(Tech Stuff) Zen1+ (2950X) vs Zen2 (3900XT) IPC and L3 Hit Rate in OpenPandemics C-19 (WCG)
I recently set these machines to an entirely OPN diet (currently C-19) on World Community Grid, in order to collect some statistics regarding their performance with the handy Performance metrics tool written by a friend I talk to, that reads the Zen processor's internal performance counters and displays them in a handy interface.
Before I continue, I will first state that there are some significant differences between these two systems, and as such, this is absolutely not an 'Apples to Apples' comparison between Zen1+ and Zen2 cores in identical scenarios. I will state this differences now:
Ryzen Threadripper 2950X 16-core has a NUMA memory sub system that uses 2x dual channel memory controllers to access memory via 4 total channels. During this test, the processor is configured to expose itself as UMA, so memory accesses are balanced across both dies and all 4 memory controllers, resulting in higher average latency to each channel. Much higher. Over 100ns vs 70-80ns on the 3900XT. On the flipside, due to the quad-channels; it has higher sustained memory bandwidth for each thread in use.

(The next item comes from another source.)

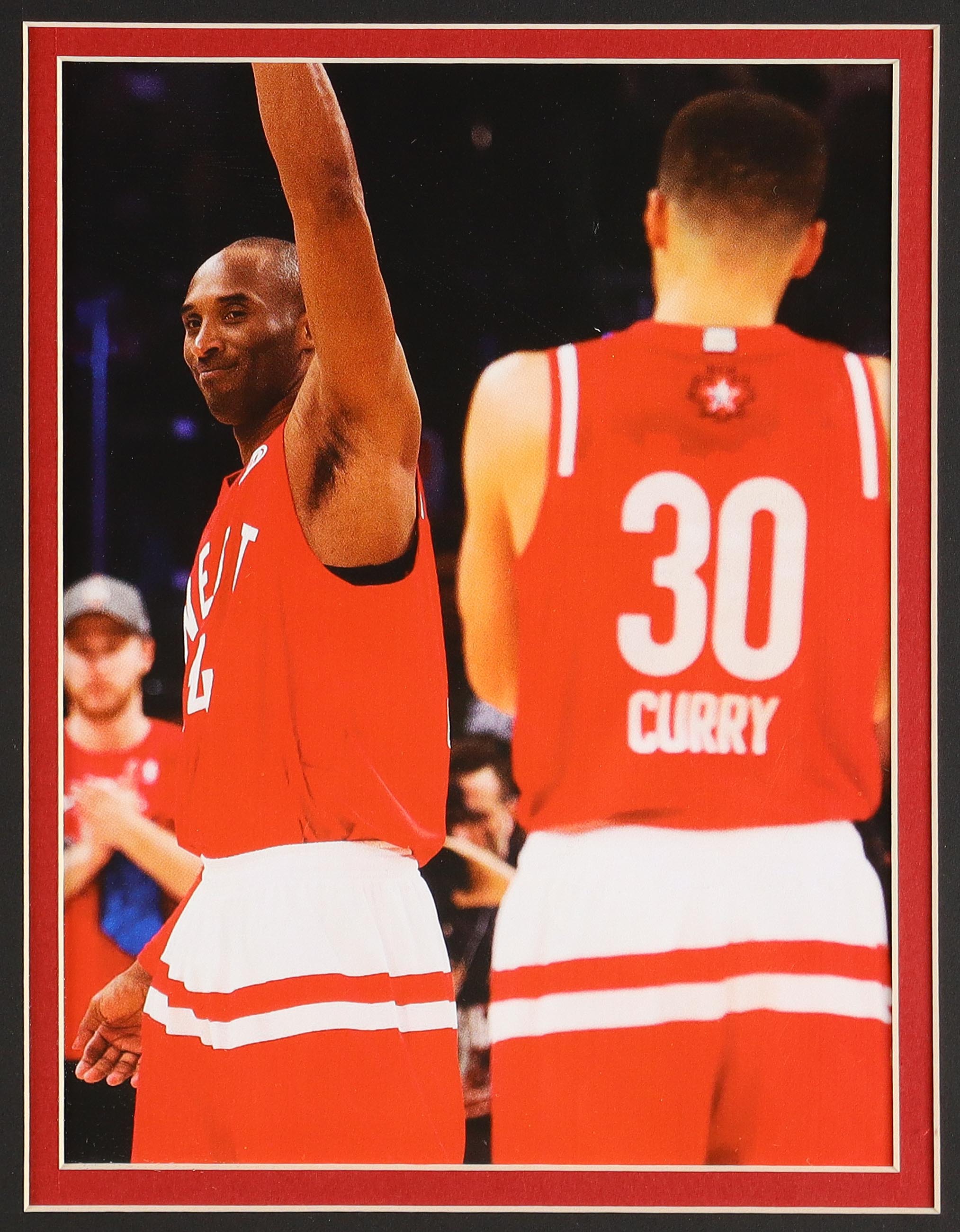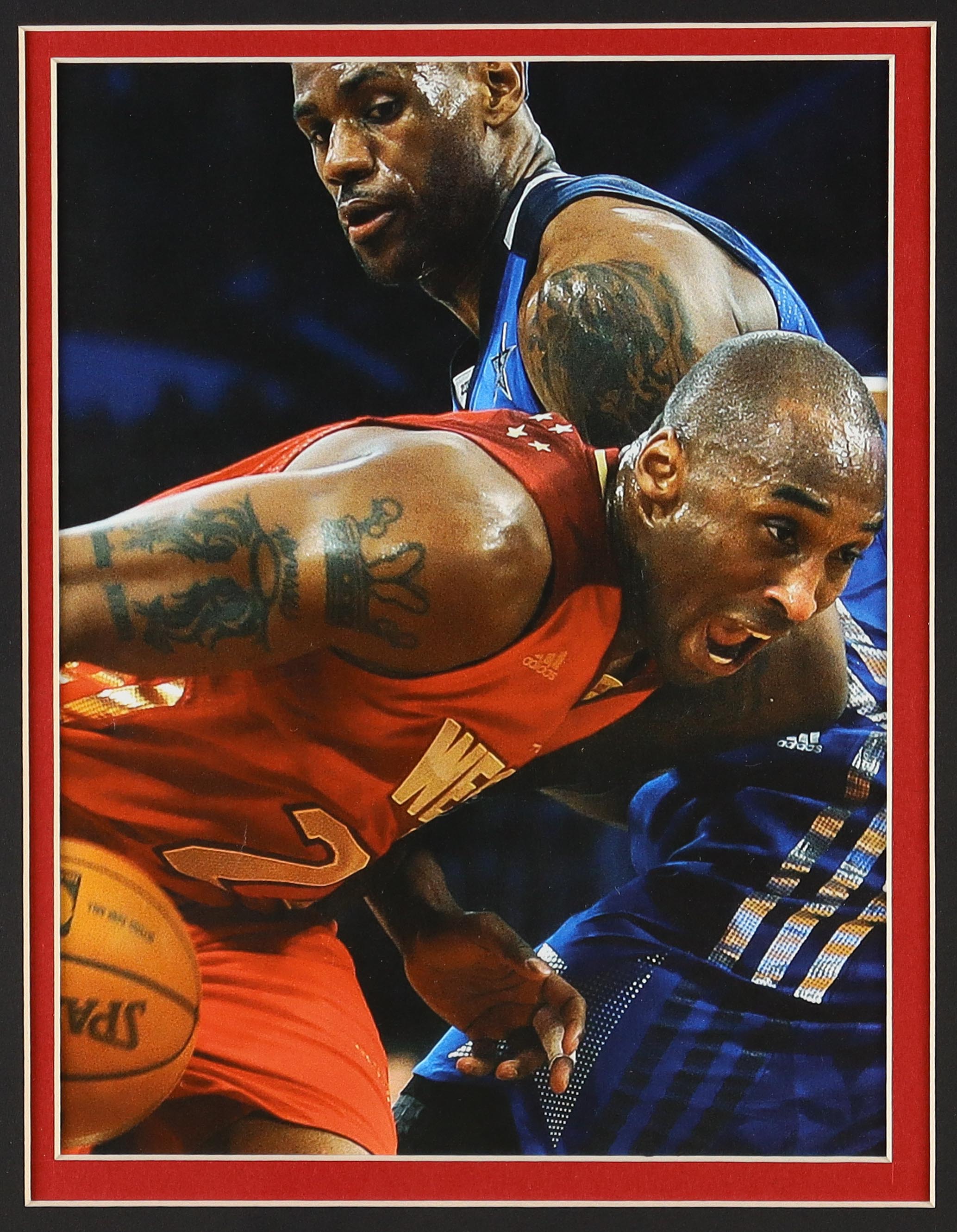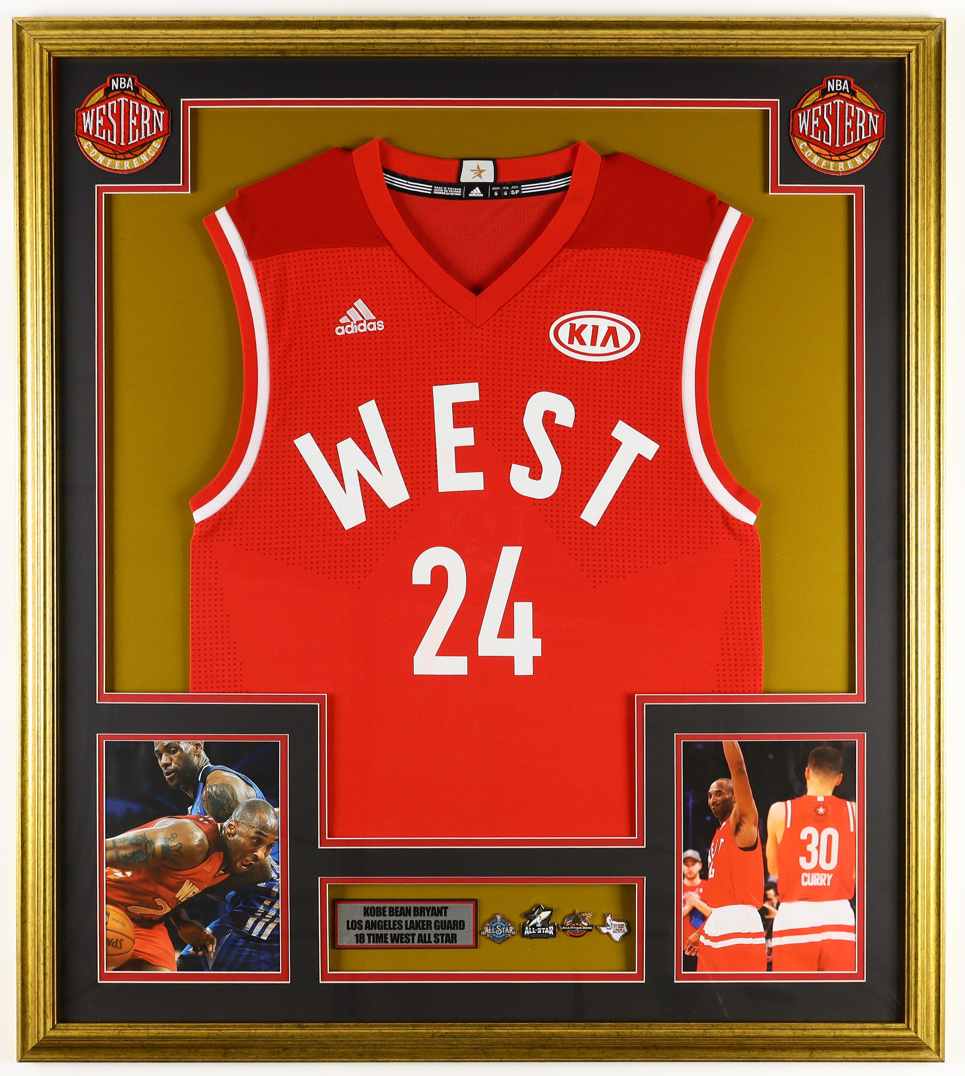 Custom frame measures 33" x 37" in size and features an unsigned Adidas Kobe Bryant (D. 2020, HOF) jersey. The display also includes (4) All-Star Game pins, (2) team Western Conference logo patches as well as (2) photos. Please note, the display is unsigned.

Furthermore, the 2950X's processor cores are configured in a 4-core to 8 MB L3 cache topology, versus 3-core to 16MB on the 3900XT. While the 2X L3 cache is a result of the Zen2 architecture, the 3900XT has a single core per CCX disabled, but retains the full L3 cache; whereas the 2950X has all four cores enabled. This effectively means that the 3900XT has more than twice the L3 cache per core compared to the 2950X, more than just the architectural differences. An accurate comparison would have been the 2920X, (3-core 8MB) but I do not have one.

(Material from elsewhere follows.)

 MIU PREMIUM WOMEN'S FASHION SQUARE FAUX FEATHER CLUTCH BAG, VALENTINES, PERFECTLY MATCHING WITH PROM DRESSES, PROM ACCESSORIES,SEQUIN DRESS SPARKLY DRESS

With that out of the way, it's impressive to see the 3900XT achieving nearly +44% more IPC than the 2950X, per thread; with an impressive L3 hit rate of nearly 90% versus the 2950X's still reasonable ~75%. Zen2's doubled FPU pies (256b from 128), doubled micro-op cache (4K entry from 2K) along with the additional L3 cache are definitely helping extract more parallelism from the core.